[git] Is it possible to move/rename files in Git and maintain their history?

I would like to rename/move a project subtree in Git moving it from

/project/xyz

to

/components/xyz

If I use a plain git mv project components, then all the commit history for the xyz project gets lost. Is there a way to move this such that the history is maintained?

This question is related to git rename mv

The answer is


Simply move the file and stage with:

git add .

Before commit you can check the status:

git status

That will show:

Changes to be committed:
  (use "git restore --staged <file>..." to unstage)
        renamed:    old-folder/file.txt -> new-folder/file.txt

I tested with Git version 2.26.1.

Extracted from GitHub Help Page.


It is possible to rename a file and keep the history intact, although it causes the file to be renamed throughout the entire history of the repository. This is probably only for the obsessive git-log-lovers, and has some serious implications, including these:

  • You could be rewriting a shared history, which is the most important DON'T while using Git. If someone else has cloned the repository, you'll break it doing this. They will have to re-clone to avoid headaches. This might be OK if the rename is important enough, but you'll need to consider this carefully -- you might end up upsetting an entire opensource community!
  • If you've referenced the file using it's old name earlier in the repository history, you're effectively breaking earlier versions. To remedy this, you'll have to do a bit more hoop jumping. It's not impossible, just tedious and possibly not worth it.

Now, since you're still with me, you're a probably solo developer renaming a completely isolated file. Let's move a file using filter-tree!

Assume you're going to move a file old into a folder dir and give it the name new

This could be done with git mv old dir/new && git add -u dir/new, but that breaks history.

Instead:

git filter-branch --tree-filter 'if [ -f old ]; then mkdir dir && mv old dir/new; fi' HEAD

will redo every commit in the branch, executing the command in the ticks for each iteration. Plenty of stuff can go wrong when you do this. I normally test to see if the file is present (otherwise it's not there yet to move) and then perform the necessary steps to shoehorn the tree to my liking. Here you might sed through files to alter references to the file and so on. Knock yourself out! :)

When completed, the file is moved and the log is intact. You feel like a ninja pirate.

Also; The mkdir dir is only necessary if you move the file to a new folder, of course.

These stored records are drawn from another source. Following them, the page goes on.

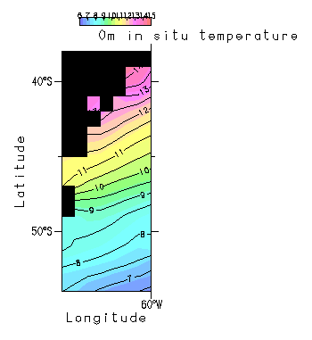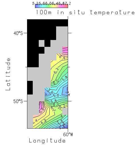 South of the Southeast Brazilian bight, the Ekman transport tends to be directed onshore (Bakun and Parrish, 1991), leading to coastal convergence and downwelling. Major upwelling at the shelf break (Servicio de Hidrografia Naval, 1969; Podesta, 1990) in the southern portion of the LME results from the juxtaposition of the major western boundary current and the shelf, carrying nutrients shoreward across the shelf. In this area, major freshwater outflows and the interleaving of water masses associated with the confluence of the major western boundary flows promotes internal water-column stability. Associated surface fronts represent convergence zones that concentrate food particles. (Elgue, 1989)
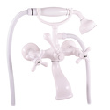 Назначение: ванна+душ • Конструкция: с раздельными клапанами • Монтаж: вертикальный • Материал: покрытие - хром • Подводка: жесткая • Монтажные отверстия: 2 отверстия • Форма излива: традиционная • Душевая лейка в комплекте: есть • Держатель для душевой лейки: на смесителе • Донный клапан в комплекте: есть
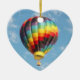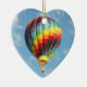 Bright ornament with photo of multi-colored hot air balloon against the blue sky.
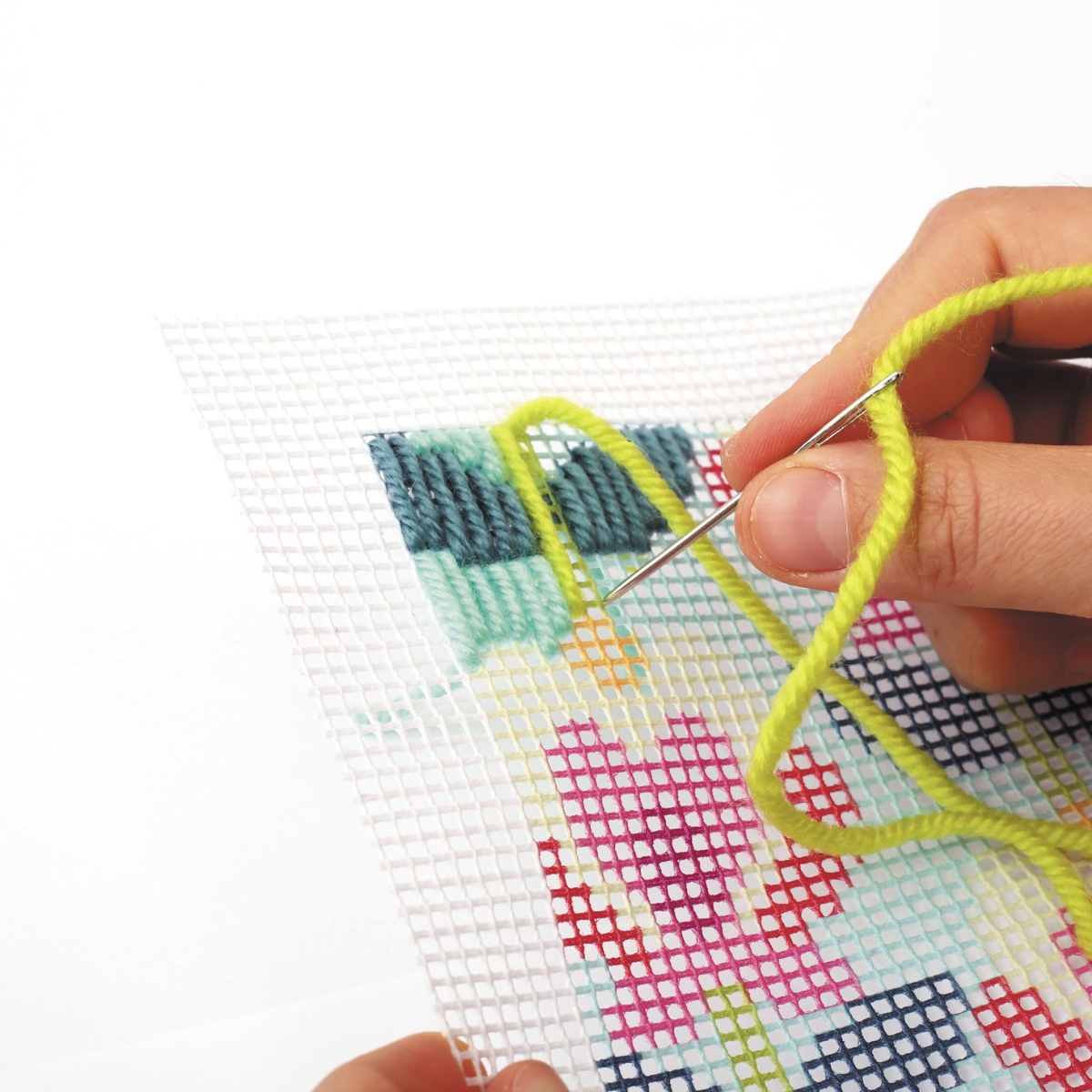 Le CANVA est une toile préimprimée et quadrillée semi-rigide sur laquelle il va falloir venir mettre plusieurs points de couleur à l’aide des fils et des aiguilles.

The if will avoid the creation of this folder earlier in history than your file exists.


I would like to rename/move a project subtree in Git moving it from

/project/xyz

to

/components/xyz

If I use a plain git mv project components, then all the commit history for the xyz project gets lost.

No (8 years later, Git 2.19, Q3 2018), because Git will detect the directory rename, and this is now better documented.

See commit b00bf1c, commit 1634688, commit 0661e49, commit 4d34dff, commit 983f464, commit c840e1a, commit 9929430 (27 Jun 2018), and commit d4e8062, commit 5dacd4a (25 Jun 2018) by Elijah Newren (newren).
(Merged by Junio C Hamano -- gitster -- in commit 0ce5a69, 24 Jul 2018)

That is now explained in Documentation/technical/directory-rename-detection.txt:

Example:

When all of x/a, x/b and x/c have moved to z/a, z/b and z/c, it is likely that x/d added in the meantime would also want to move to z/d by taking the hint that the entire directory 'x' moved to 'z'.

But they are many other cases, like:

one side of history renames x -> z, and the other renames some file to x/e, causing the need for the merge to do a transitive rename.

To simplify directory rename detection, those rules are enforced by Git:

a couple basic rules limit when directory rename detection applies:

  1. If a given directory still exists on both sides of a merge, we do not consider it to have been renamed.
  2. If a subset of to-be-renamed files have a file or directory in the way (or would be in the way of each other), "turn off" the directory rename for those specific sub-paths and report the conflict to the user.
  3. If the other side of history did a directory rename to a path that your side of history renamed away, then ignore that particular rename from the other side of history for any implicit directory renames (but warn the user).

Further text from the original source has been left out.